If I am honest though, part of me is also dreading it. You see, I have been drowning out the quiet in my day to day life of late. I have dived deep into numbing behaviour with technology at the forefront. I don’t like the person I have been. My values are not evident in my lived-out choices. I know that I have been doing it and yet haven’t followed through on my determination to change day after day. Why? Because I don’t want to sit in the discomfort of the thoughts and fears that arise when I allow quiet.
I feel the effects of this lack of true quiet and dealing with what lies beneath. Feeling stressed and wound up. Irritability, particularly with the ones I love the most. Concentration and focus have been nonexistent. All of this leads to wanting to numb out and withdraw more and so I sink deeper into the hole.
There’s only one person who can break this cycle- me.
How I am making time for quiet and reflection
- Deleting the apps that I was using the most
This doesn’t solve the problem. I will find other distractions! It does bring in a pause while I figure out what to reach for instead of the default selection. Hopefully this gives a greater chance of implementing the other strategies.

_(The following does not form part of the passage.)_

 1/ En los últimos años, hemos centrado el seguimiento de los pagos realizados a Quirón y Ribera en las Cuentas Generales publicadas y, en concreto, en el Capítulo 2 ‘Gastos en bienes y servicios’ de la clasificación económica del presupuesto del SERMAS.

- Practising ‘riding the wave of discomfort’ for 10 minutes and noticing the underlying internal trigger
I am reading ‘Indistractable’ by Nir Eyal and Julie Li. It is providing some intensely practical and research-based strategies for dealing with distraction, which has been an issue for humans since the earliest records! If I can resist the pull of distraction, I can engage with the quiet and reflection time.

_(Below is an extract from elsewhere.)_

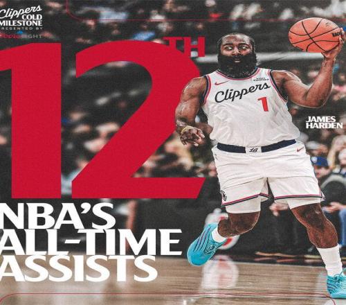里程碑时刻!哈登生涯总助攻数升至历史第12 -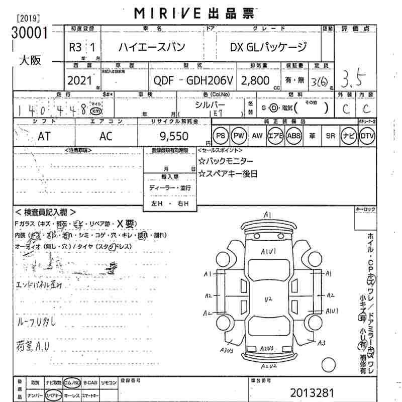 Toyota HIACE VAN с аукциона Японии MIRIVE Osaka лот № 30001

- Reintroducing daily pauses
I use an app called ‘Pause’ by John Eldredge. I was finding it so useful but somewhere along the way, I started ignoring the reminders. It is amazing the impact one minute of pausing and releasing the mental baggage I’m holding can have.
- Not listening to or watching anything while hanging out laundry
Simply allowing my brain space to think and ponder. I find attaching this time to something that keeps my hand busy and is a frequent part of my life helps.
- A day off from social media and email every week
This is one rhythm that I have kept to but was filling that space with other noise instead. I find the break refreshing and it helps keep social media in a lower priority space.
These are starting points for me as I reclaim quiet and reflection. No one will guard this time for me. The noise of the world will creep in wherever I let it take hold. This is my renewed commitment to my soul and to those important to me to lead myself well in this space. A whole weekend of quiet and reflection? Yes, please.